Teams at big commercial banks promoting financial support: CPC top disciplinary agency
A branch of Industrial and Commercial Bank of China. File Photo: Xinhua
The Communist Party of China’s (CPC) top disciplinary agency has sent teams to big Chinese commercial banks on missions to ensure Party central committee’s financial support policies to the economy are fully implemented, according to a statement posted on Thursday on the website of Central Commission for Discipline Inspection (CCDI).
Teams comprised of disciplinary officials sent to top Chinese commercial banks from the Industrial and Commercial Bank of China (ICBC) to the Bank of Communications have played a role in encouraging banks to lend financial support to the real economy and ensure Party policy on shoring up economy takes its intended effect, the statement said.
Experts said the role of disciplinary officials serves to foster implementation, without which supportive policies will become empty words, as the country’s new yuan loans slowed markedly in April.
In April, affected by domestic Omicron epidemic flare-ups, new yuan loans reached 645.4 billion yuan ($95.12 billion), down sharply from March’s 3.13 trillion yuan, central bank data showed in mid-May.
At the ICBC, disciplinary officials are focusing and tracking how the bank is serving the manufacturing sector by setting up a political inspection book of accounts.
At the prompt of inspectors, ICBC’s outstanding loans to the manufacturing sector increased by 403.5 billion yuan to 2.57 trillion yuan from January to April.

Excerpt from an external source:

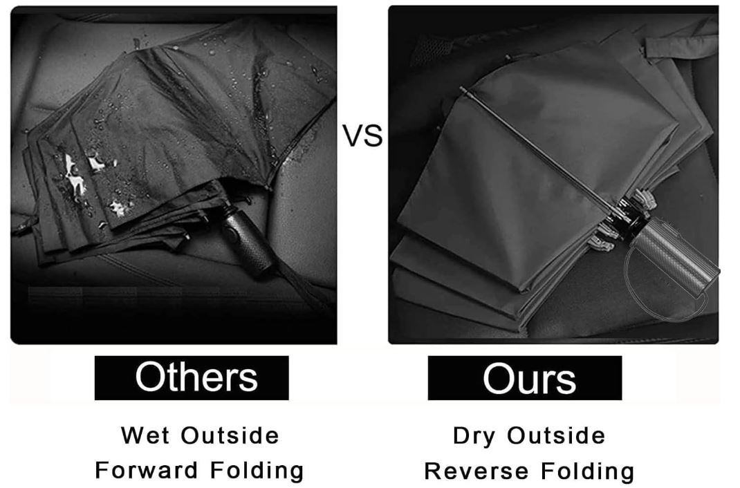 - UNIQUE INVERTED FOLDING DESIGH: This upside down umbrella takes a inside-out design. When close it, the wet part will be inside of the umbrella, preventing water from dripping,and it will not get yourself wet when getting in and out of the car. You don’t even need to worry about this automatic travel umbrella will wet your floor and mat.
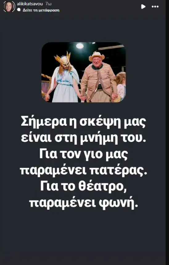 «Σήμερα η σκέψη μας είναι στη μνήμη του. Για τον γιο μας παραμένει πατέρας. Για το θέατρο παραμένει φωνή».

The net loan increase tripled the amount of increase recorded in the same period in 2021.
Ensuring the sound development of the real economy is a political as well as social responsibility for state-owned financial institutions, the statement said, citing a disciplinary official stationed at ICBC.
At China Construction Bank, disciplinary officials prompted the bank’s business and administrative sections to implement policies by the central government to support small- and medium-sized enterprises and open up green passages over the loan review and approval pipeline for key companies to obtain loans sooner.
At Agricultural Bank of China, disciplinary officials tracked and monitored the loan data to projects under rural revitalization initiative, and reminded bank executives when a contraction in credit extension is noticed. They also focused on anticorruption work in the financial sector, a move indispensable to help stem financial risks. In the first quarter, ABC extended over 1 trillion yuan in credit to the real economy and its loan growth to key sectors of rural revitalization outstripped average loan growth.
Two bank executives at two bank branches in Northeast China’s Heilongjiang were penalized for extending fake rural loans.
At Bank of Communications, disciplinary officials encouraged bank management to revise and update its accountability regulation on nonperforming assts.
In a campaign to crack down on financial sector corruption, disciplinary inspectors penalized 10 bank employees at the Bank of China over illegally extending bank loans as of mid-May after reviewing 419 projects.
State-owned commercial banks represent the bulk of China’s credit lending organizations. The top five banks – ICBC, CBC, ABC, BOC, BOCOM – accounted for over half of all loans extended.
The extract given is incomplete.